*** Begin section ***

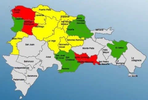 El Centro de Operaciones y Emergencia (COE) elevó a cuatro las provincias en alerta roja, mientras mantiene otras nueve en amarilla y siete en verde.
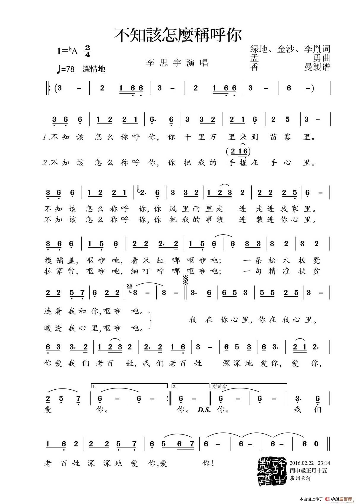 作词:绿地、金沙、李胤词   作曲:孟勇   演唱(奏):李思宇   来源:香曼制谱   上传:香曼   日期:2016-02-24   浏览次数:
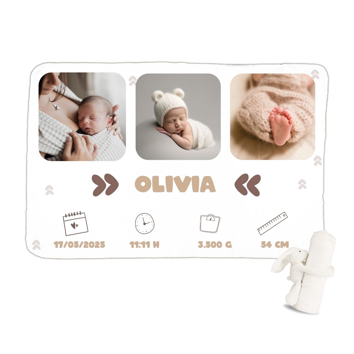 Manta Bebé Personalizada con Nombre | Incluye Peluche (Conejo u Osito) | Regalo Original para Bebés 31,95
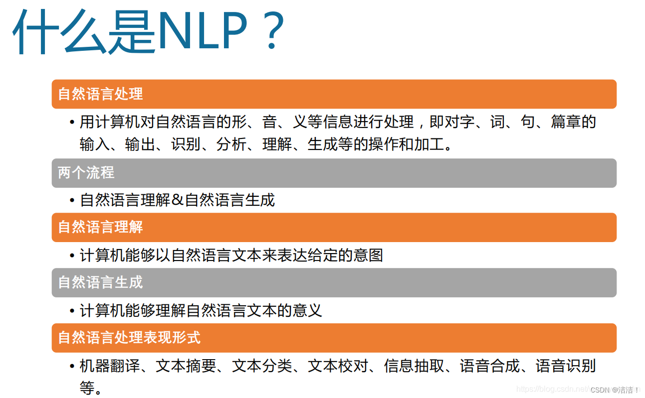 它主要关注如何让计算机能够理解、处理和生成人类语言。NLP的目标是使计算机能够像人类一样理解自然语言,包括语法、语义、语用等方面的知识,并能够进行自然语言的生成、理解、翻译、摘要、问答等任务。
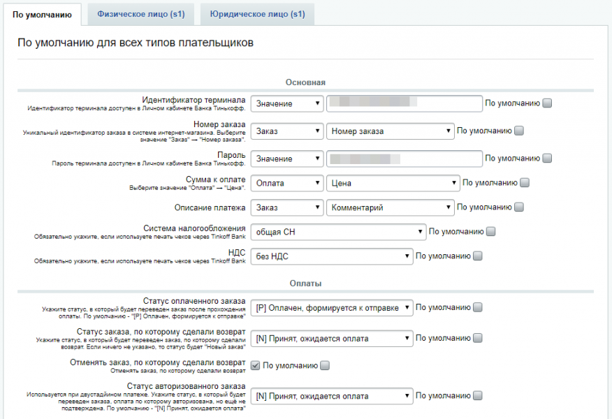 - через Банк Тинькофф (в обработчике платежей необходимо указать систему налогообложения и режим НДС);
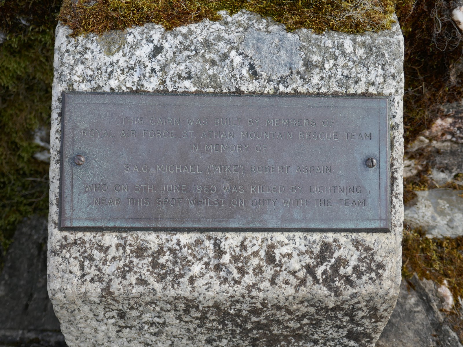 “This cairn was built by members of the Royal Air Force St. Athan mountain rescue team in memory of S.A.C. Michael (“Mike”) Robert Aspain who on 6th June 1960 was killed by lightning near this spot whilst on duty with the team.”
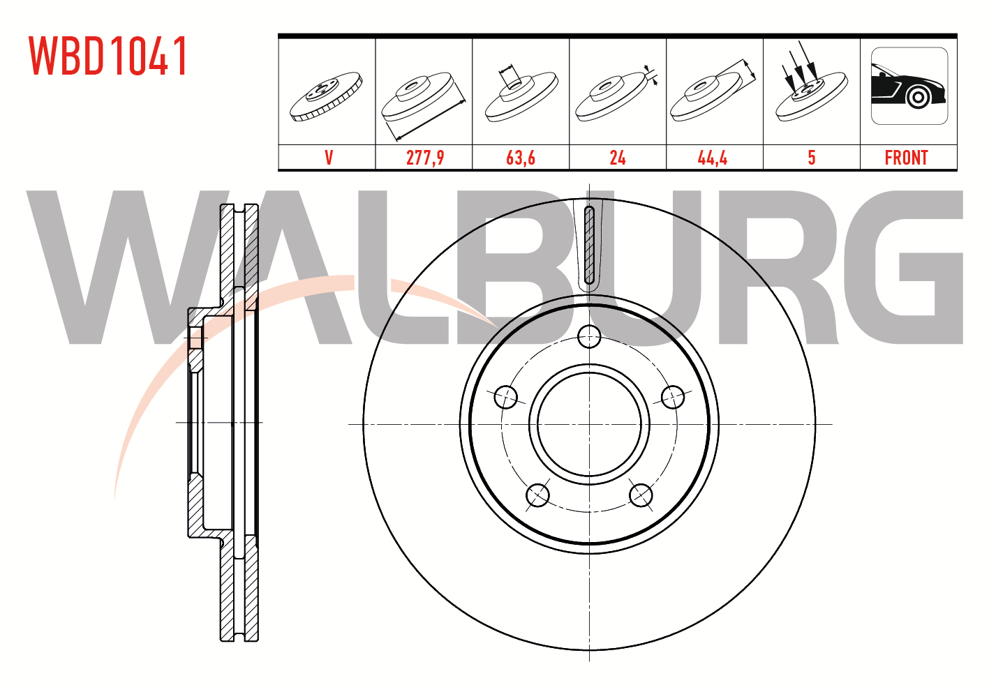 WALBURG WBD1041 | Fren Diski Ön Havalı 5 Bjn 277,9X24x63,6X44,4 Ford Transit Connect 1.8 TDCI 2002-2013 / Tourneo Connect 1.8 TDCI 2002-2013 | 2 Adet
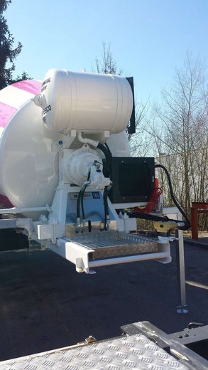 Durch ihre positiven Erfahrungen hat die Balz Kamm AG die im Auftrag stehenden beiden Sattelzugmaschinen mit demselben System ausgerüstet und kann nun auch seine Kippauflieger und den zusätzlich in Betrieb genommenen STETTER AM 10 FHAC LL Fahrmischer Auflieger mit dem „all in one“ Antrieb bedienen.
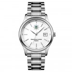 Мінеральне скло захищає стрілки, які показують час, хвилини, секунди, день тижня та число. Годинник оснащений електролюмінесцентною підсвіткою для зручності у темряві та працює на кварцевому механізмі.
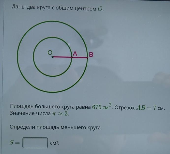 Площадь круга равна 675 см². Отрезок AB = 7см. Значение числа π ≈ 3.
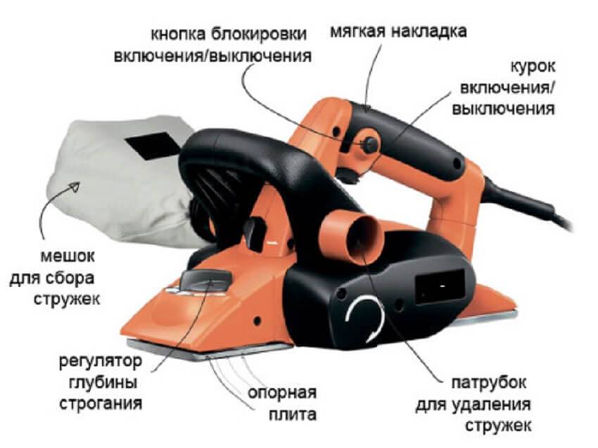 Основные узлы данного инструмента – корпус, электромотор, вал с ножевыми резцами, опорная плита (подошва), задняя и передняя рукоятки, регулятор глубины строгания, курок включения и кнопка блокировки включения и отключения. На корпусе располагается патрубок для отвода стружки в мешок.
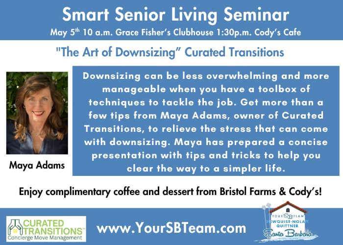 Downsizing can be less overwhelming and more manageable when you have a toolbox of techniques to tackle the job. Get more than a few tips from Maya Adams, owner of Curated Transitions, to relieve the stress that can come with downsizing. Maya has prepared a concise presentation with tips and tricks to help you clear the way to a simpler life.
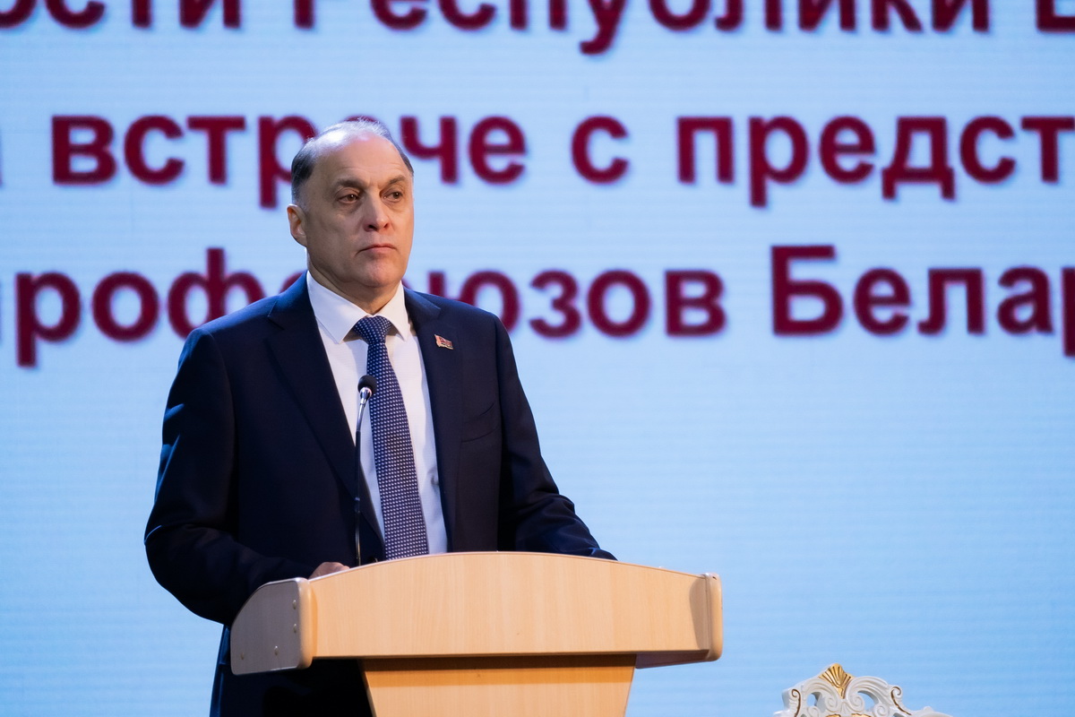 Государственный секретарь Совета безопасности Республики Беларусь Александр Вольфович встретился с представителями Федерации профсоюзов Беларуси и профактивом из всех отраслей экономики.
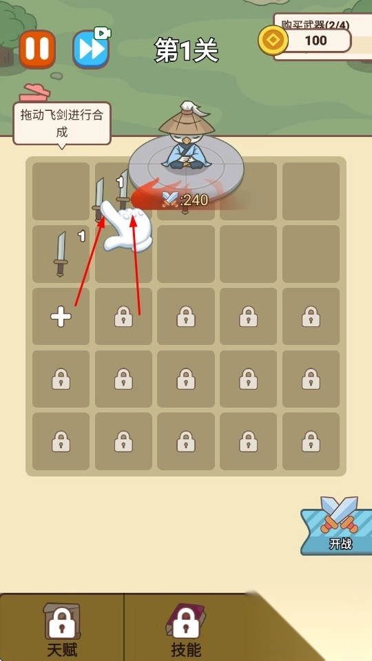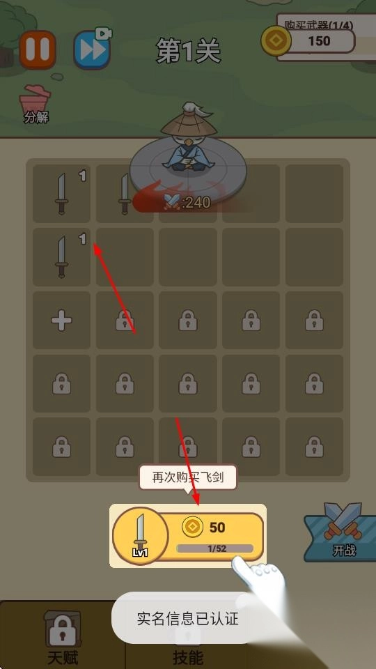 3、点击“开战”按钮,即可进入第1关。在此关卡中,武器会自动攻击怪物,你只需指挥推进关卡进程,就能获取相应奖励。
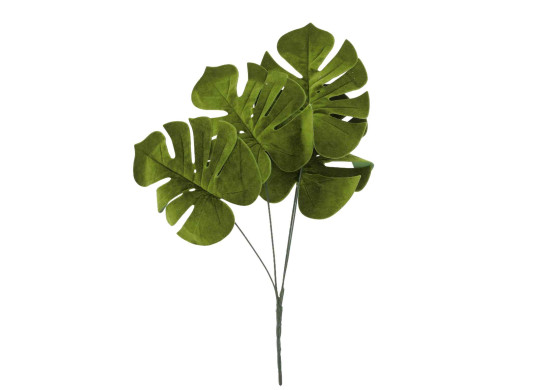 Branche de 4 feuilles de Monstera effet velours, longueur 60 cm, parfaite pour une décoration moderne et naturelle.
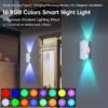 Luz nocturna con sensor de movimiento: esta luz nocturna con sensor inteligente cuenta con un sistema de triple sensor (movimiento, luz, sensibilidad) con ángulo de detección de 120° y rango de 16.4 ft para una cobertura completa. La luz nocturna recargable con sensor de movimiento tiene 3 modos de iluminación incorporados, modo cmOn cm – siempre encendido; modo cmOFF cm – siempre apagado; modo cmautomático cm – se enciende automáticamente cuando se detecta movimiento en la oscuridad y se apaga después de 15 segundos de inactividad, lo que ayuda a minimizar el consumo de energía. 16 colores RGB y 4 modos dinámicos: la luz nocturna ofrece 16 colores (15 colores RGB vibrantes y color blanco) y 4 efectos de iluminación dinámicos, perfectos para crear atmósferas fascinantes. De amarillo cálido, rojo apasionado, azul vibrante, puedes cambiar fácilmente. Controla sin esfuerzo la luz del sensor de movimiento en interiores de hasta 3 a 16.4 ft de distancia utilizando el control remoto incluido o haz clic en la luz, por lo que es conveniente y fácil de usar en cualquier lugar de tu hogar. Principalmente puedes ajustar el brillo requerido de cualquier color por el control remoto (el control remoto requiere 2 pilas AAA, no incluidas) Instalación magnética: este aplique de pared adhesivo cuenta con un imán fuerte y adhesivo 3M para un fácil montaje sin otras herramientas adicionales y soporta una rotación libre de 360°. Fácil de desmontar y mover libremente, por lo que es particularmente adecuado para inquilinos o usuarios que regulan con frecuencia el diseño de su hogar. La instalación se puede completar en 10 segundos. Batería recargable de larga duración: equipada con una batería recargable de 1500 mAh, nuestra lámpara de pared recargable puede funcionar hasta 4 meses (modo de detección) con una sola carga de 3 horas, eliminando la necesidad de carga frecuente, ahorro de energía y protección del medio ambiente, diciendo adiós al problema de la carga frecuente. La lámpara de pared inalámbrica portátil con puerto de carga USB tipo C, ya sea utilizada como luz nocturna de pasillo, luz de baño o luz de escalera en interiores, el efecto visual es increíble. Versátil para espacios interiores y exteriores: la colorida luz nocturna con sensor de movimiento está hecha de material ABS duradero y a prueba de humedad, buena estabilidad y larga duración. Ideal para dormitorios, cocinas, garajes, patios, pasillos o entradas.
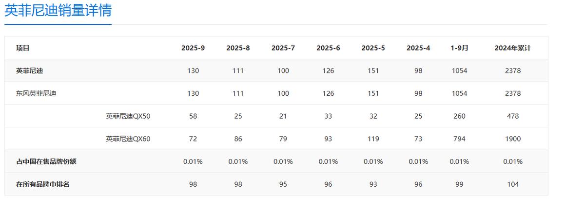 英菲尼迪就更惨了,在今年上半年1月~9月仅仅卖出了1054辆,主力车型QX50在6月的时候更是只卖出了33辆。

*** End section ***

▶ ACTIVITY
With the pictures omitted, copy exactly the lines of the listing above starting at the line containing "WALBURG WBD1041 |" and ending at the line containing "Мінеральне скло захищає", both included.

▶ ANSWER TO THIS TASK
 WALBURG WBD1041 | Fren Diski Ön Havalı 5 Bjn 277,9X24x63,6X44,4 Ford Transit Connect 1.8 TDCI 2002-2013 / Tourneo Connect 1.8 TDCI 2002-2013 | 2 Adet
 Durch ihre positiven Erfahrungen hat die Balz Kamm AG die im Auftrag stehenden beiden Sattelzugmaschinen mit demselben System ausgerüstet und kann nun auch seine Kippauflieger und den zusätzlich in Betrieb genommenen STETTER AM 10 FHAC LL Fahrmischer Auflieger mit dem „all in one“ Antrieb bedienen.
 Мінеральне скло захищає стрілки, які показують час, хвилини, секунди, день тижня та число. Годинник оснащений електролюмінесцентною підсвіткою для зручності у темряві та працює на кварцевому механізмі.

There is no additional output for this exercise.